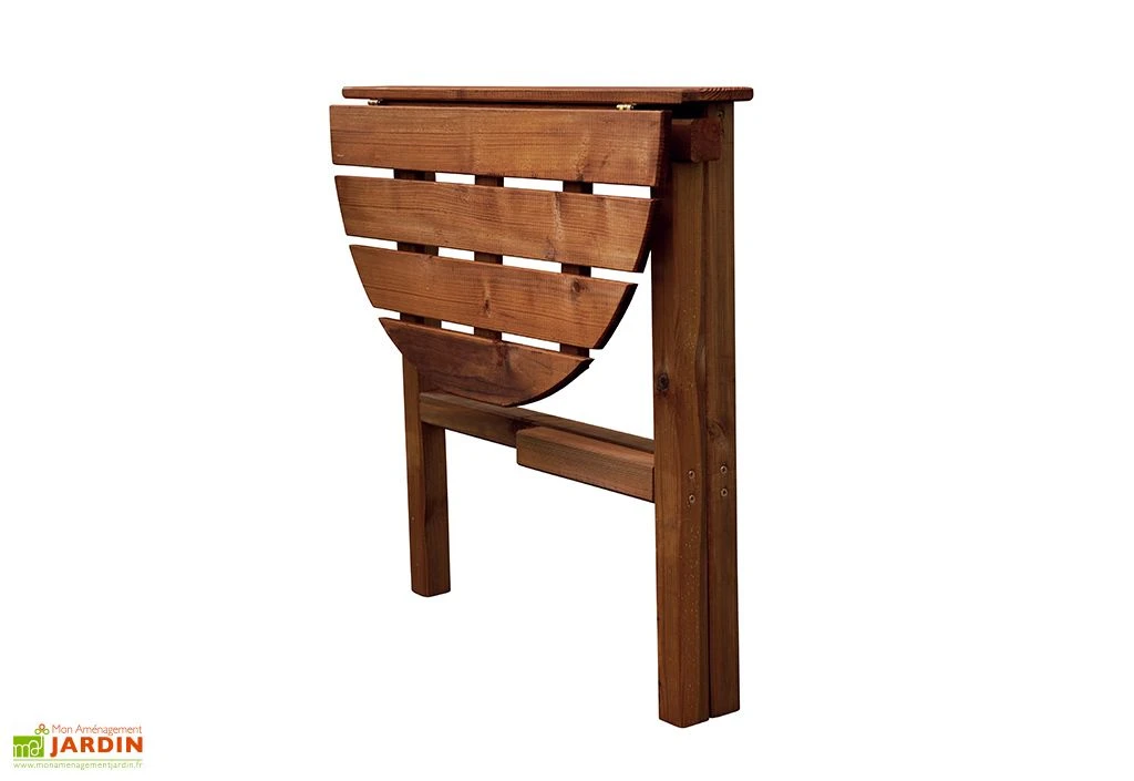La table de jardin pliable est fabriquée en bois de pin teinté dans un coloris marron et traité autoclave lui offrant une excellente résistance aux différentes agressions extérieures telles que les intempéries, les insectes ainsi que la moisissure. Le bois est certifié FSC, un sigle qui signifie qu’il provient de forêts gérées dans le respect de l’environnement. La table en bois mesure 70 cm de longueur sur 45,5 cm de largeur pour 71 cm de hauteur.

---

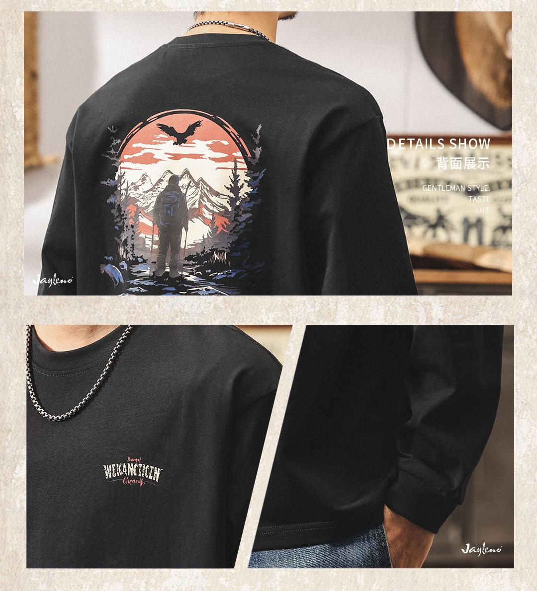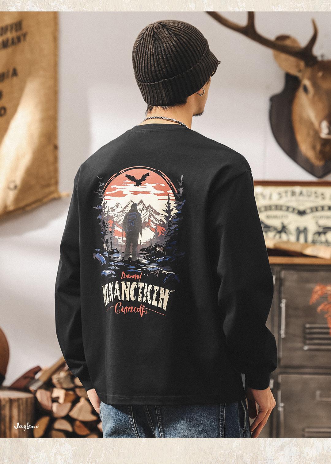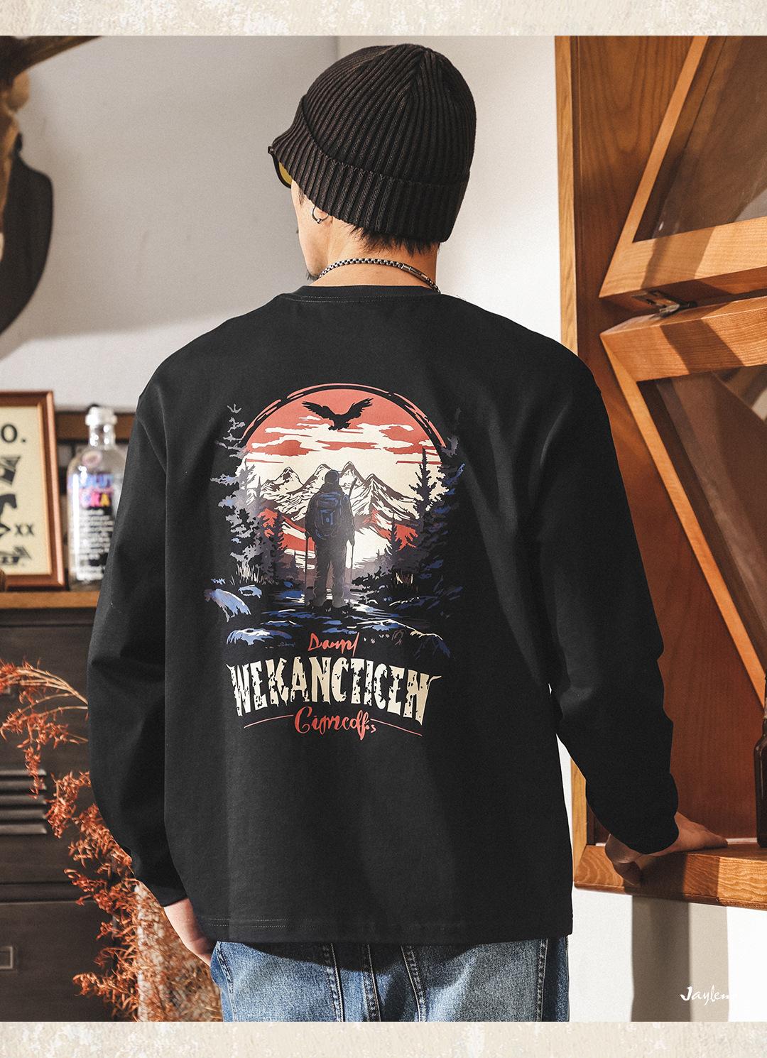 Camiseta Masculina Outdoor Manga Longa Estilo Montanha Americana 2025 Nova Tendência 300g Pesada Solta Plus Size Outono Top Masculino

==

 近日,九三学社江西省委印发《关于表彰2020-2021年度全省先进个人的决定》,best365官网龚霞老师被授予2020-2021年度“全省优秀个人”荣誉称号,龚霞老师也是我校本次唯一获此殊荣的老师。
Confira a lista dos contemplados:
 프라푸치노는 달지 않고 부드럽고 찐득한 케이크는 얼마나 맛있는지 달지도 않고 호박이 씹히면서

- [Exercise aim]: Write out exactly the lines that fall from the line with "近日,九三学社江西省委印发《" to the line with "프라푸치노는 달지 않고" in the records above, keeping both ends.

- [Written solution]:
 近日,九三学社江西省委印发《关于表彰2020-2021年度全省先进个人的决定》,best365官网龚霞老师被授予2020-2021年度“全省优秀个人”荣誉称号,龚霞老师也是我校本次唯一获此殊荣的老师。
Confira a lista dos contemplados:
 프라푸치노는 달지 않고 부드럽고 찐득한 케이크는 얼마나 맛있는지 달지도 않고 호박이 씹히면서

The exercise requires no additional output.